# [Work task]
Leaving out pictures, output exactly the lines below from the one that has "该步骤提交成功后,系统生成业" through the one that has "Cada pendiente está", and nothing else.

[Recorded data]
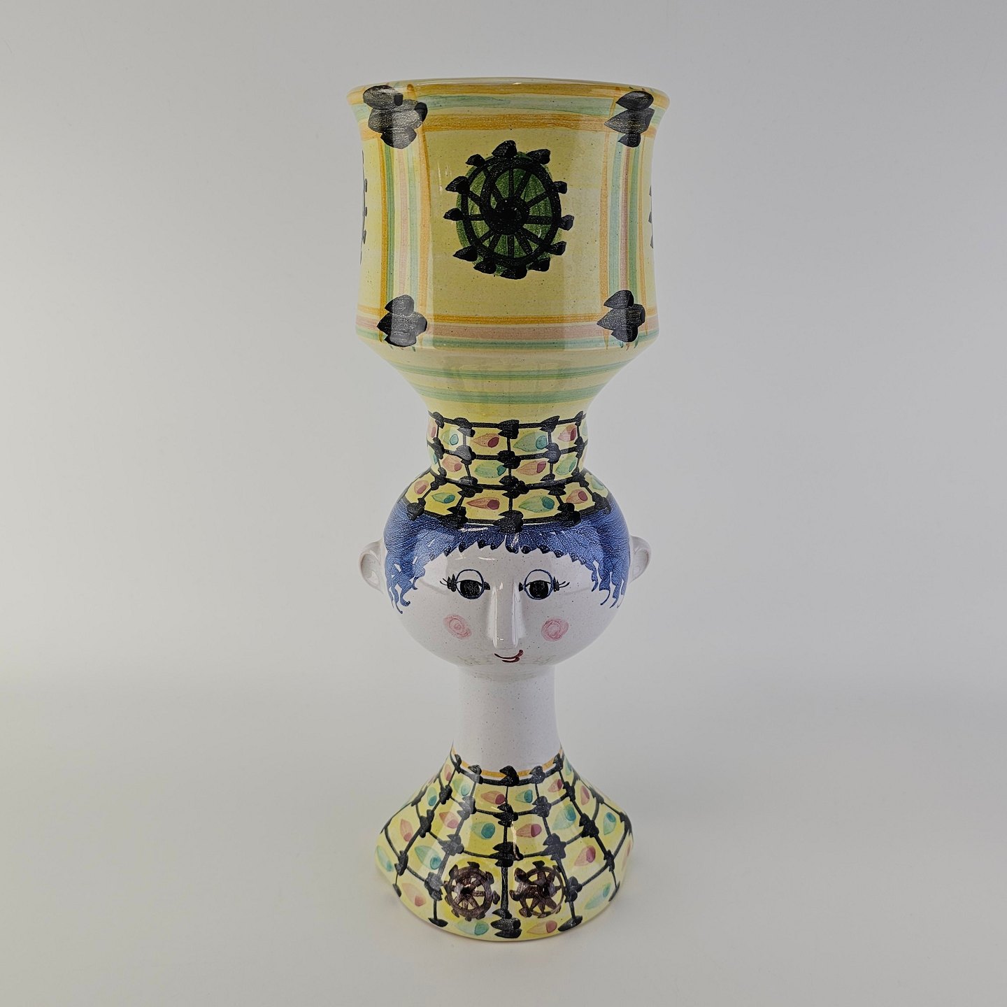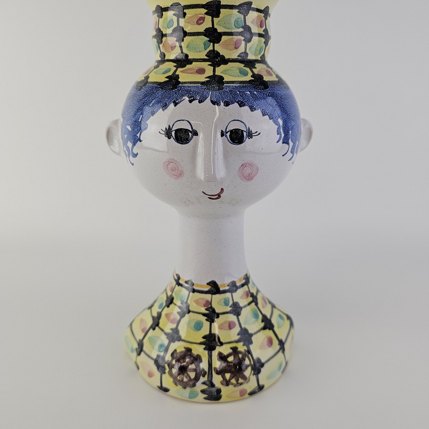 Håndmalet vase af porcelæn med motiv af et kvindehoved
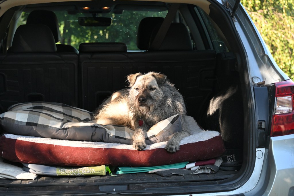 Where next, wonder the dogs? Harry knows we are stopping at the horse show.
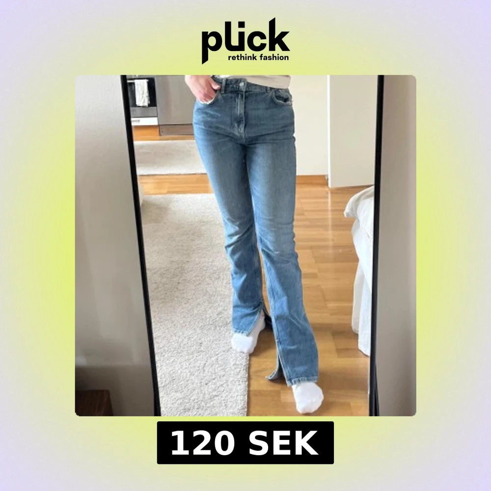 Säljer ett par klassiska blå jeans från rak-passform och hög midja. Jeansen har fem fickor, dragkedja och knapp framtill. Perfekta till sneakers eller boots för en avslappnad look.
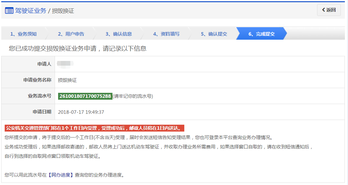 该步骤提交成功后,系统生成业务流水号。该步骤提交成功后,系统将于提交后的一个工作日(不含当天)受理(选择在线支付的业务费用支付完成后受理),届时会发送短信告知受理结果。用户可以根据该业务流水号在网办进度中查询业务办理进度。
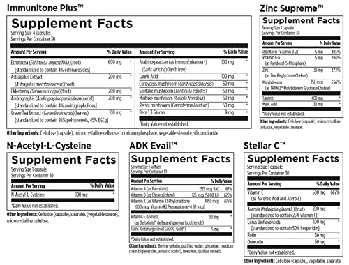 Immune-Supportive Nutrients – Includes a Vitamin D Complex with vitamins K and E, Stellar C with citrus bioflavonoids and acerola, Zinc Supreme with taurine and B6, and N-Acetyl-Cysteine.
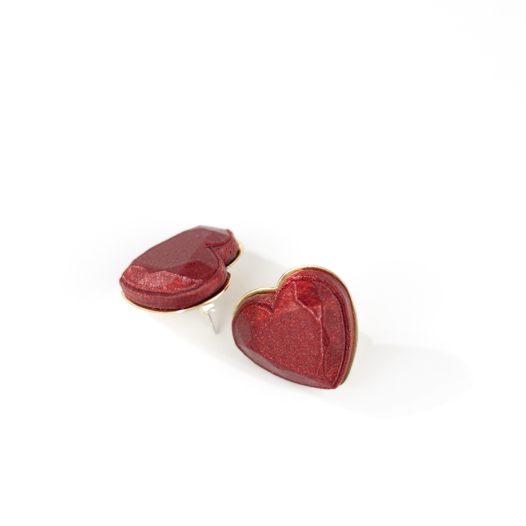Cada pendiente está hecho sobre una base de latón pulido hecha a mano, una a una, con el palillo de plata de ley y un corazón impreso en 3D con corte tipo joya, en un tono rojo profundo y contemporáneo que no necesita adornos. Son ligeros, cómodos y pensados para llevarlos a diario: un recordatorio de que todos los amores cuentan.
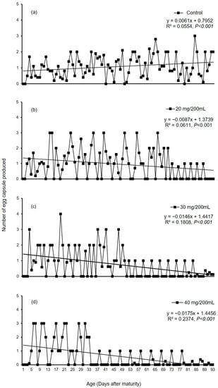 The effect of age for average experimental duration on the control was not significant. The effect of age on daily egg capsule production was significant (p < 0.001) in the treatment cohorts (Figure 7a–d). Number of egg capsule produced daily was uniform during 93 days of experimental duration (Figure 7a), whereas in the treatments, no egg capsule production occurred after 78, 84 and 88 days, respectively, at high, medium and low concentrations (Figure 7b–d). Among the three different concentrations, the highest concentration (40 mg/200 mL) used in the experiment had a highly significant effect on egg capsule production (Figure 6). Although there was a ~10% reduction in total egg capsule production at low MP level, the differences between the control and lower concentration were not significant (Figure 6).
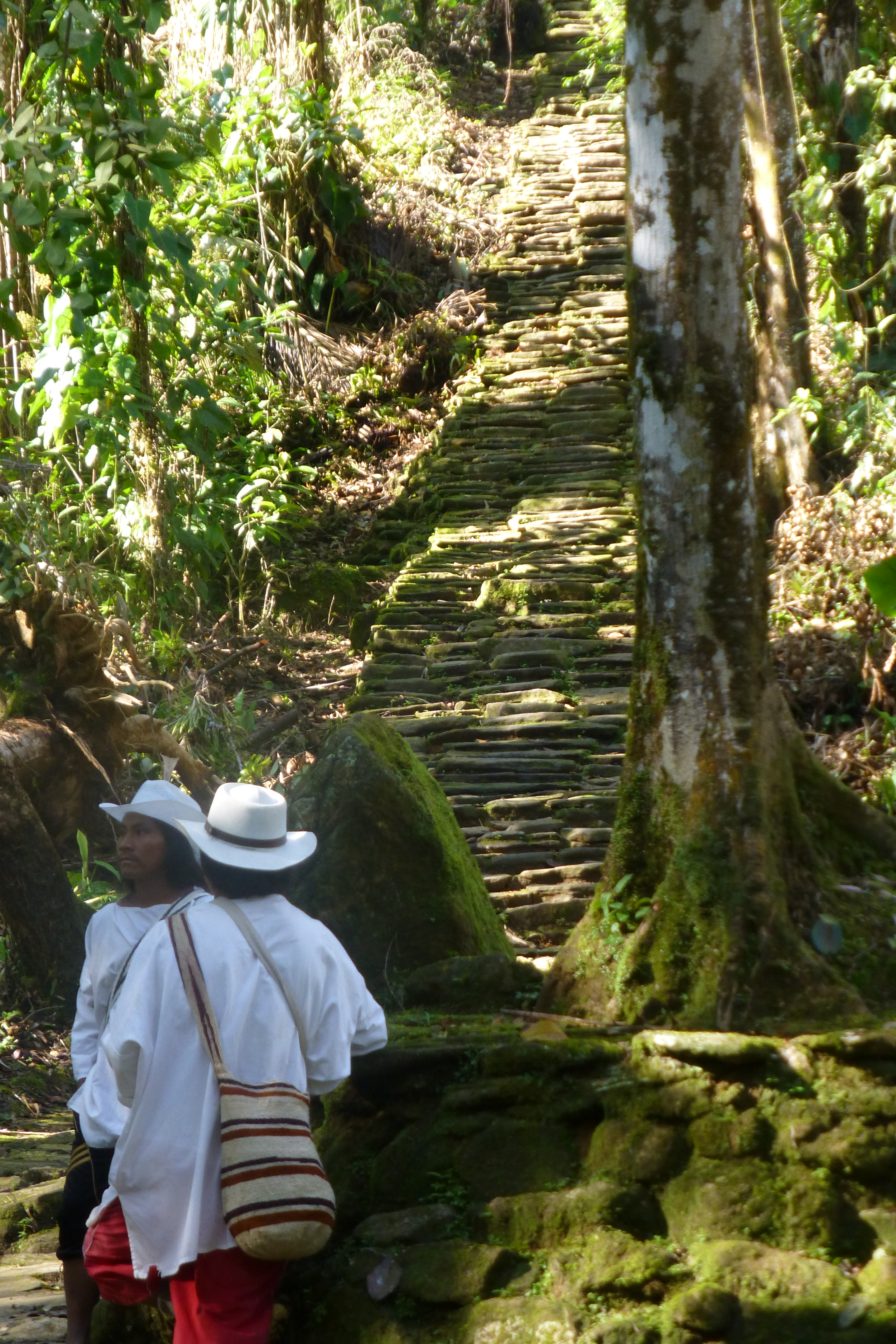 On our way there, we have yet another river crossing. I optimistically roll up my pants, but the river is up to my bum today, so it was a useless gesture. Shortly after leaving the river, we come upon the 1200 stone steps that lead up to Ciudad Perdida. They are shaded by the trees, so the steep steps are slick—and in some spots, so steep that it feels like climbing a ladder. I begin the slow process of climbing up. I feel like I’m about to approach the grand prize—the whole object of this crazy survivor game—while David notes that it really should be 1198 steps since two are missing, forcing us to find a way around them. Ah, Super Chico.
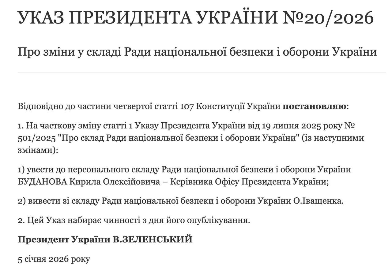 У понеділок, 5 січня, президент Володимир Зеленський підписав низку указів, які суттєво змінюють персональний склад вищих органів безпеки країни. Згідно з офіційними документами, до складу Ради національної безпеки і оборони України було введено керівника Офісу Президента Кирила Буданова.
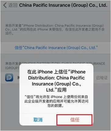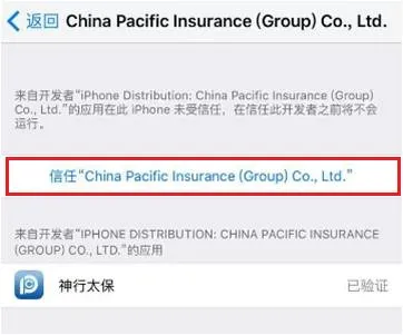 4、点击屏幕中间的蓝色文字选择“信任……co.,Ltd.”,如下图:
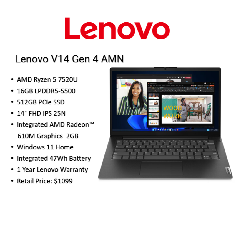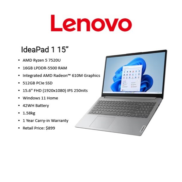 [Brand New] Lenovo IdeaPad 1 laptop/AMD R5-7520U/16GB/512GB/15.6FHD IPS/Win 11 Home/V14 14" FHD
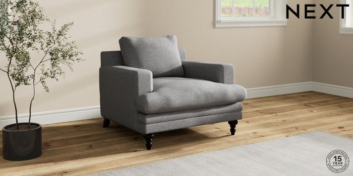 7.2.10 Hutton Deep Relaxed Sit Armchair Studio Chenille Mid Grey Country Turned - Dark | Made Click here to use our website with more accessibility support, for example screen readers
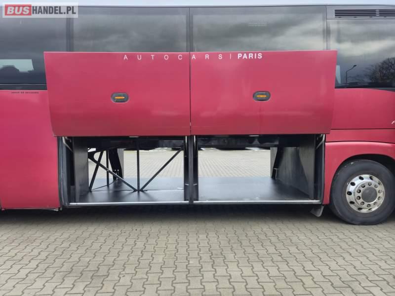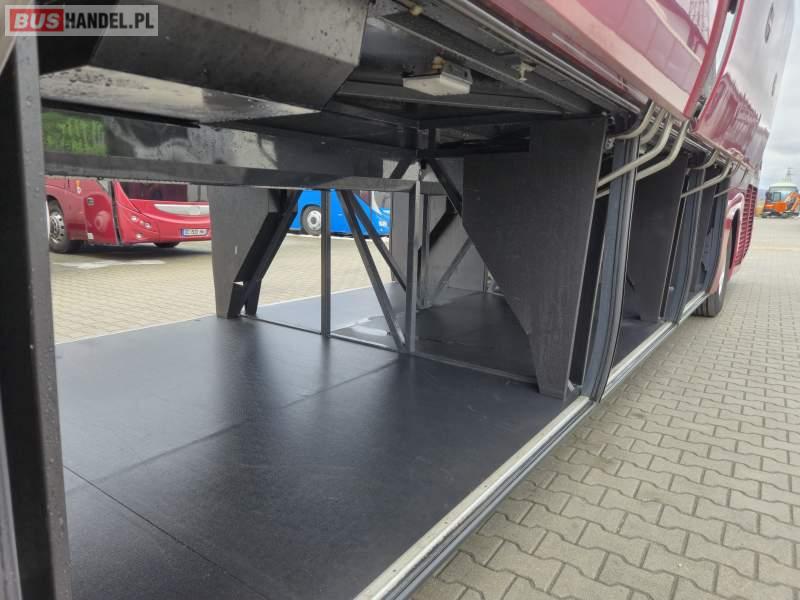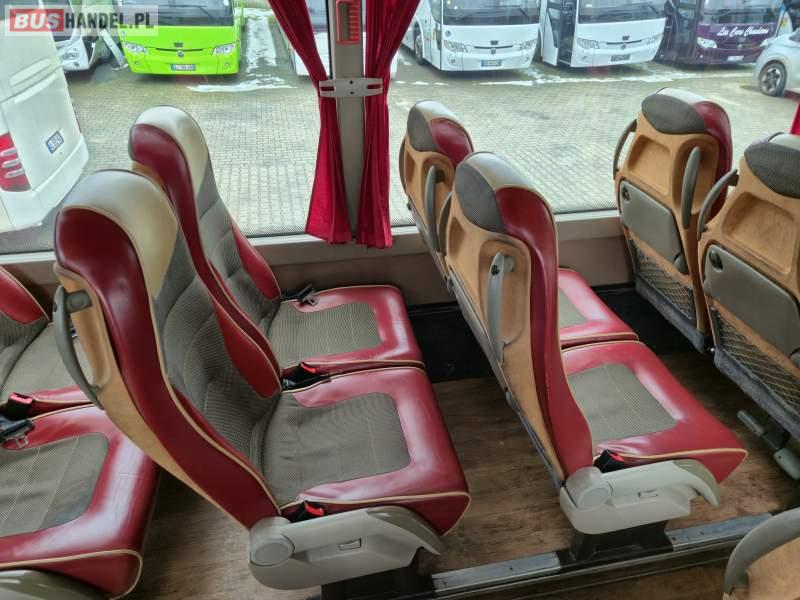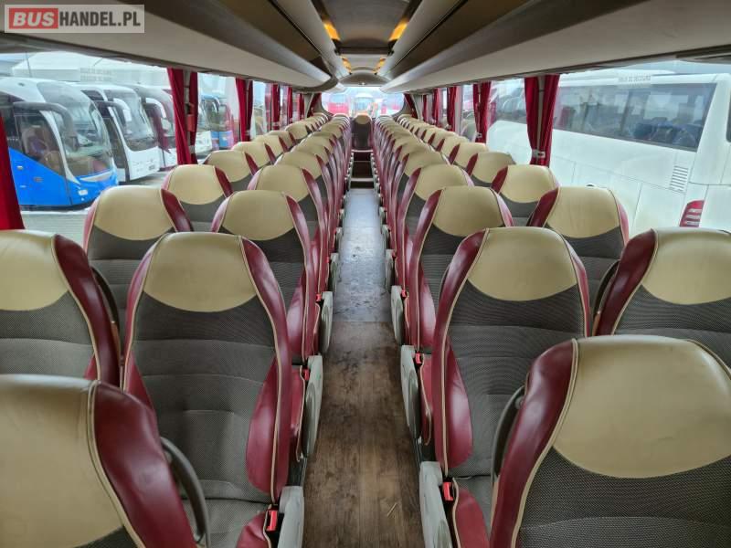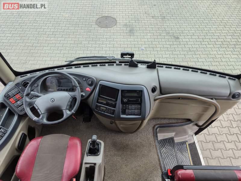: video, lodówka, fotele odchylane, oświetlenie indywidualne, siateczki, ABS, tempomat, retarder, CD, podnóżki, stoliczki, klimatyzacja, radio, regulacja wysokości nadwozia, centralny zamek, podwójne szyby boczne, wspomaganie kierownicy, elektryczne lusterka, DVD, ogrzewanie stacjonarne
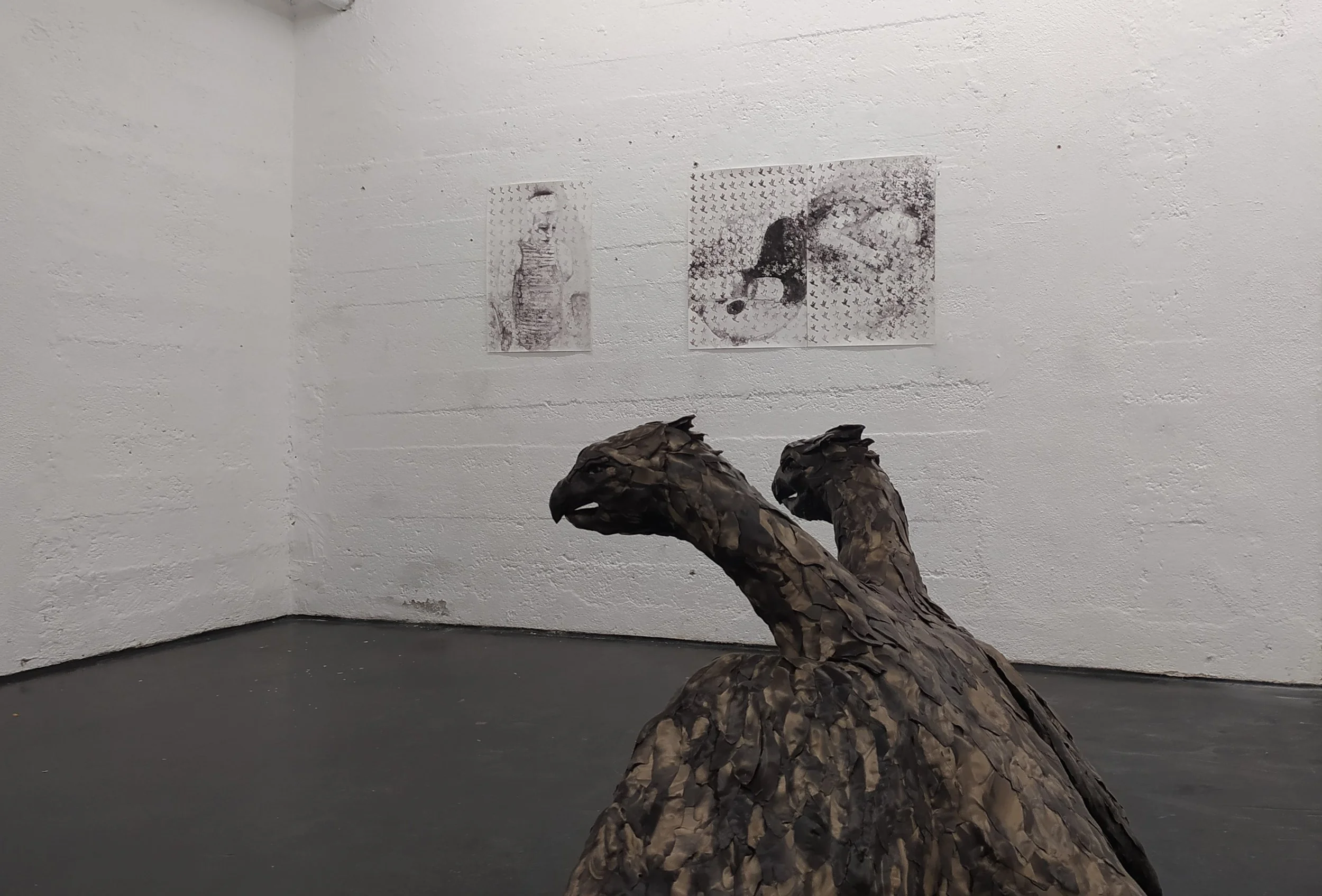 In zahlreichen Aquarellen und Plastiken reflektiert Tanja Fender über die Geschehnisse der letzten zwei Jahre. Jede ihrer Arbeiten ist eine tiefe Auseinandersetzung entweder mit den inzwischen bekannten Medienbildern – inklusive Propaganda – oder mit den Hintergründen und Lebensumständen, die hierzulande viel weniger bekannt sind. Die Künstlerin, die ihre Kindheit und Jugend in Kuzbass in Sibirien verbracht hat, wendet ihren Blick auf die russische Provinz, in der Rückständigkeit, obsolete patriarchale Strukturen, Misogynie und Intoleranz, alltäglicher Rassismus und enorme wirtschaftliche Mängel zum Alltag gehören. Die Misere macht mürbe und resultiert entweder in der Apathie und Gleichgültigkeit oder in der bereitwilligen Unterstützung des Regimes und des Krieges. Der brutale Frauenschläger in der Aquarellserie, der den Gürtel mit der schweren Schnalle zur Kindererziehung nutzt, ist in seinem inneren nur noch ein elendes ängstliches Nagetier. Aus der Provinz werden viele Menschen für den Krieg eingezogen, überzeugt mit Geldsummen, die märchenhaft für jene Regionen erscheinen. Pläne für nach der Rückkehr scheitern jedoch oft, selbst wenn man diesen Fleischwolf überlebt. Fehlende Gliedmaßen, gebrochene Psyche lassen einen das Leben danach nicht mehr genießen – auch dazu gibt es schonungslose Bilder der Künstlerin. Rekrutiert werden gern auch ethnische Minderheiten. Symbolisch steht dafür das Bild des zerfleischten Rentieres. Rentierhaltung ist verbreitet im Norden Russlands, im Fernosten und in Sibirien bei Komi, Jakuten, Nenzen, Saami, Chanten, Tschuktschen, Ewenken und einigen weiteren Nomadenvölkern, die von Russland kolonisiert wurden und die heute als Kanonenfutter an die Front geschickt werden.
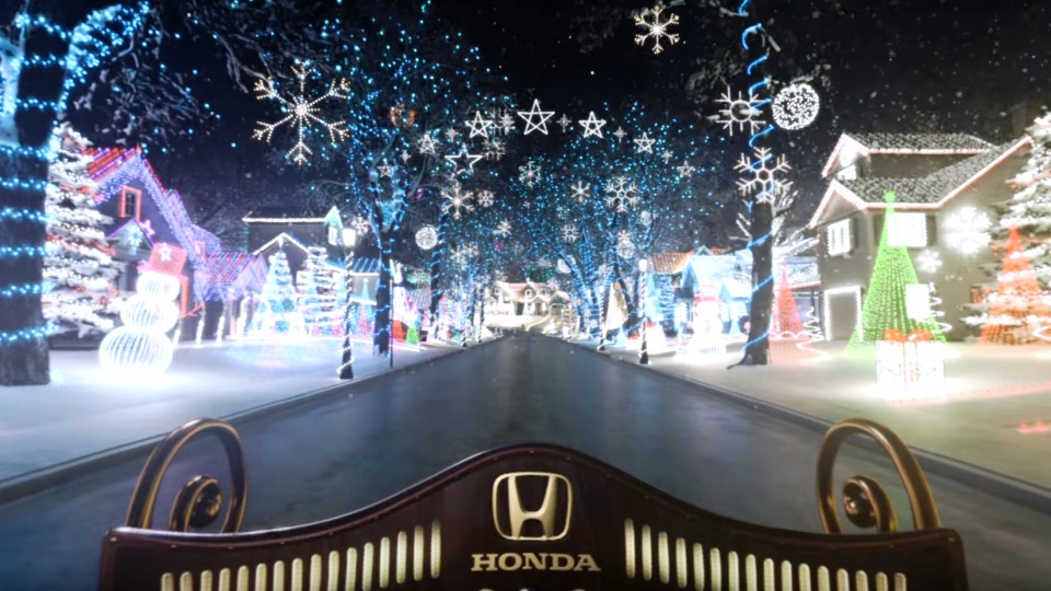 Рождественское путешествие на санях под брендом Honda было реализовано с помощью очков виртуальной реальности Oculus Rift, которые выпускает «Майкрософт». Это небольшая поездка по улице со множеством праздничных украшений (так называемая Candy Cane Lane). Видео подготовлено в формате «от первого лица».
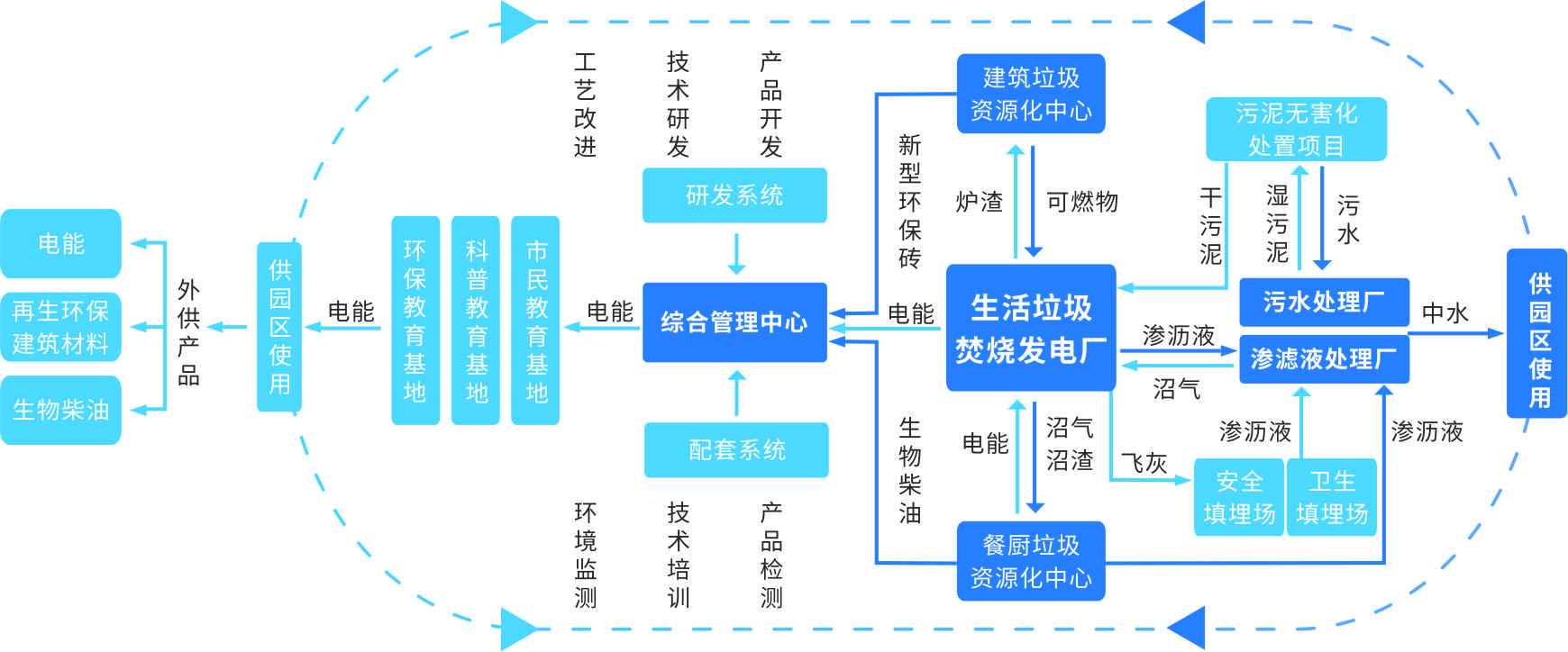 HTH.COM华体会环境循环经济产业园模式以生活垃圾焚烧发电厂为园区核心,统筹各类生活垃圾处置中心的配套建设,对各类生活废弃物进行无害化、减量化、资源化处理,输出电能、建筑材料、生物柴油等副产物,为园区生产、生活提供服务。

# [Answer to this task]
 该步骤提交成功后,系统生成业务流水号。该步骤提交成功后,系统将于提交后的一个工作日(不含当天)受理(选择在线支付的业务费用支付完成后受理),届时会发送短信告知受理结果。用户可以根据该业务流水号在网办进度中查询业务办理进度。
 Immune-Supportive Nutrients – Includes a Vitamin D Complex with vitamins K and E, Stellar C with citrus bioflavonoids and acerola, Zinc Supreme with taurine and B6, and N-Acetyl-Cysteine.
Cada pendiente está hecho sobre una base de latón pulido hecha a mano, una a una, con el palillo de plata de ley y un corazón impreso en 3D con corte tipo joya, en un tono rojo profundo y contemporáneo que no necesita adornos. Son ligeros, cómodos y pensados para llevarlos a diario: un recordatorio de que todos los amores cuentan.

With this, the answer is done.